_Data excerpts_

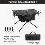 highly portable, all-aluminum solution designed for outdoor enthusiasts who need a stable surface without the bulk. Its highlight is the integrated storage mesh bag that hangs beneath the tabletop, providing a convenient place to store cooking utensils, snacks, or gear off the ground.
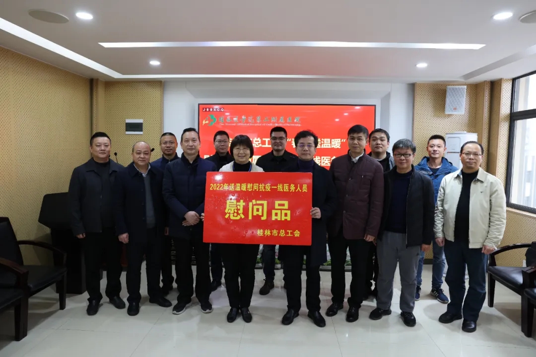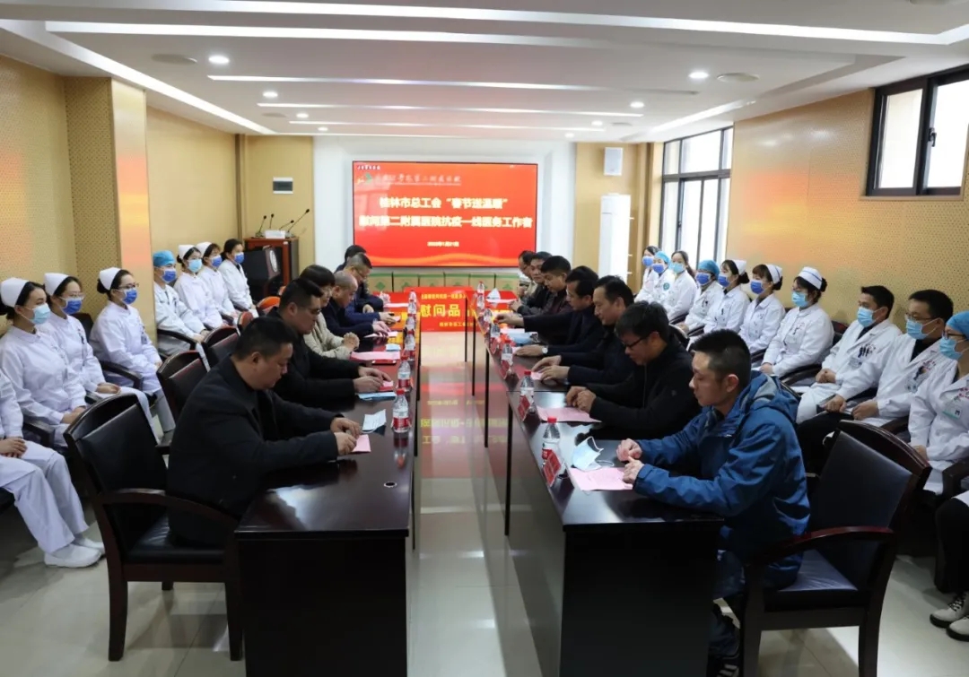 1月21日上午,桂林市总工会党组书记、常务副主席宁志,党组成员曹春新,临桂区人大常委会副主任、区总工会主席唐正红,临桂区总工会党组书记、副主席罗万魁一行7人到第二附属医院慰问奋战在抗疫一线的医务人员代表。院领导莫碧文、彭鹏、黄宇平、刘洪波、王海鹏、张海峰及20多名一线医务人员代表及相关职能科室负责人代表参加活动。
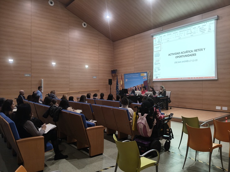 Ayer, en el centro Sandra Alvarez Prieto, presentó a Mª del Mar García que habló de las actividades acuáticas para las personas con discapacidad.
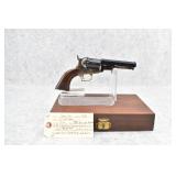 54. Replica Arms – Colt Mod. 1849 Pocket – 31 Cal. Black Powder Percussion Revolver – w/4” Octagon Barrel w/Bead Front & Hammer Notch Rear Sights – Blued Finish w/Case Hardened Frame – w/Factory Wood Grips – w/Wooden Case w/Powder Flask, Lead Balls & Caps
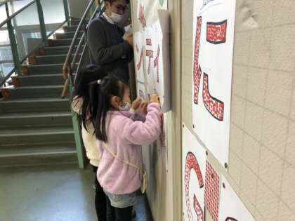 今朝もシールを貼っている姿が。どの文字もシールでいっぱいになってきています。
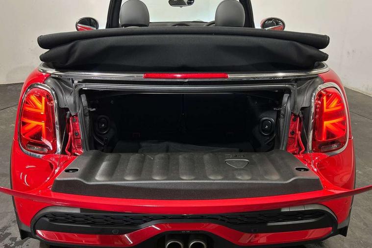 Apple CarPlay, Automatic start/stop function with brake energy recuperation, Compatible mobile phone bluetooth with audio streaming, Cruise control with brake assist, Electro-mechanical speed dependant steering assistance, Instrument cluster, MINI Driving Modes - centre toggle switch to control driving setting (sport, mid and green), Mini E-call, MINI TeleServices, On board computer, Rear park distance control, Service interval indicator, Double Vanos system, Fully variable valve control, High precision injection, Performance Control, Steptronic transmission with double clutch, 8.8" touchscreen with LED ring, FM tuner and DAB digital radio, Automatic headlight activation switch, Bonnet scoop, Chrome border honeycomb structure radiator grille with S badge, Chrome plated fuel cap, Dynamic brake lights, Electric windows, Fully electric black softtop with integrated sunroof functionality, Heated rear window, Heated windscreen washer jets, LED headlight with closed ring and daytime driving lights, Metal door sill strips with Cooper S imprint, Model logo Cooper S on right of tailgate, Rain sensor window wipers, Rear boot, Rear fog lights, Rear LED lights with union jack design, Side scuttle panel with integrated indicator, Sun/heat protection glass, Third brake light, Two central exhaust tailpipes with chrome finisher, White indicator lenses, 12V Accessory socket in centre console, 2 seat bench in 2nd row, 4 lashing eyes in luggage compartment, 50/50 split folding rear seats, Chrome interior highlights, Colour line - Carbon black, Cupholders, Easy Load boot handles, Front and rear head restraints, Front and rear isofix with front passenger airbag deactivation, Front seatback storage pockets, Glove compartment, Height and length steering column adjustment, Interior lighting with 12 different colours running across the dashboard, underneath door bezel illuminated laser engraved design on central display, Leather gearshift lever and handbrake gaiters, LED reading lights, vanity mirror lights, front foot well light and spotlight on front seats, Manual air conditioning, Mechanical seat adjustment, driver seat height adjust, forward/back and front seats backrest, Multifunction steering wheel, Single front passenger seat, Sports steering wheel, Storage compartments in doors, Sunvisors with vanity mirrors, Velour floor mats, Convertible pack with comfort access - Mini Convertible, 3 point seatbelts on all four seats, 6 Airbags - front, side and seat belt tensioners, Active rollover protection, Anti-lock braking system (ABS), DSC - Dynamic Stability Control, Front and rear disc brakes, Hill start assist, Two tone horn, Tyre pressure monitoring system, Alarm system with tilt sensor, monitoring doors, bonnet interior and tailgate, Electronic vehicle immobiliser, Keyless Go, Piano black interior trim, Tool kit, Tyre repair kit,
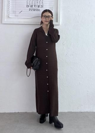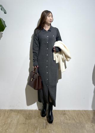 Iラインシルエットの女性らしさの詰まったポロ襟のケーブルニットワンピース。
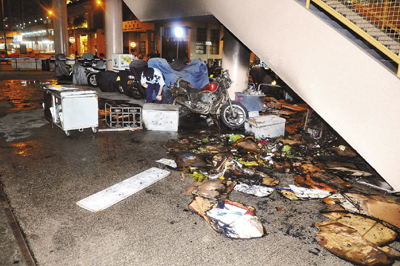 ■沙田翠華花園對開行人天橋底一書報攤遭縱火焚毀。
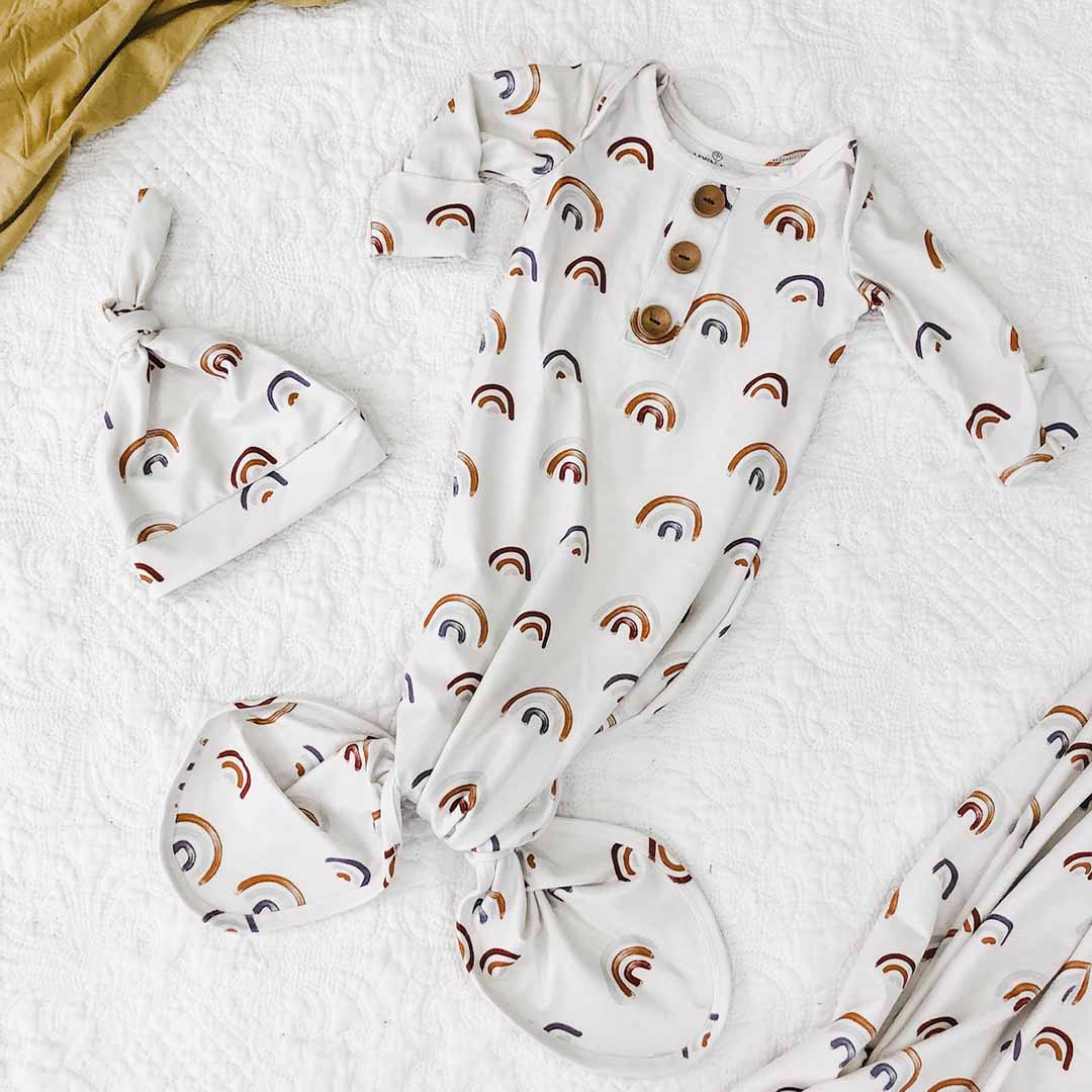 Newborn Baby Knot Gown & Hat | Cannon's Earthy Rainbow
==
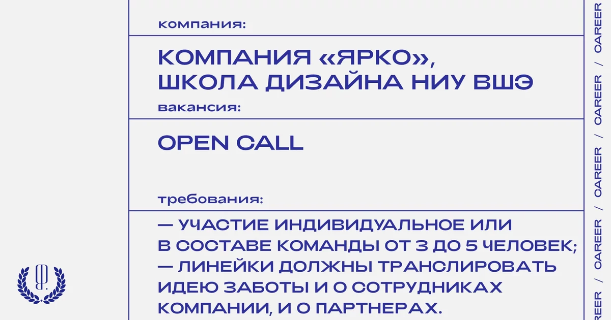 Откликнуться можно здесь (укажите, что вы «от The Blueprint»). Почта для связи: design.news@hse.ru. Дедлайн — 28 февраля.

_Exercise requirements_
Quote the data above exactly from the line with "Ayer, en el" to the line with "今朝もシールを貼っている姿が。どの文字もシールでいっぱいになってきています。", both ends counted, and nothing else. Pictures don't go in.

_Written answer_
 Ayer, en el centro Sandra Alvarez Prieto, presentó a Mª del Mar García que habló de las actividades acuáticas para las personas con discapacidad.
 54. Replica Arms – Colt Mod. 1849 Pocket – 31 Cal. Black Powder Percussion Revolver – w/4” Octagon Barrel w/Bead Front & Hammer Notch Rear Sights – Blued Finish w/Case Hardened Frame – w/Factory Wood Grips – w/Wooden Case w/Powder Flask, Lead Balls & Caps
 今朝もシールを貼っている姿が。どの文字もシールでいっぱいになってきています。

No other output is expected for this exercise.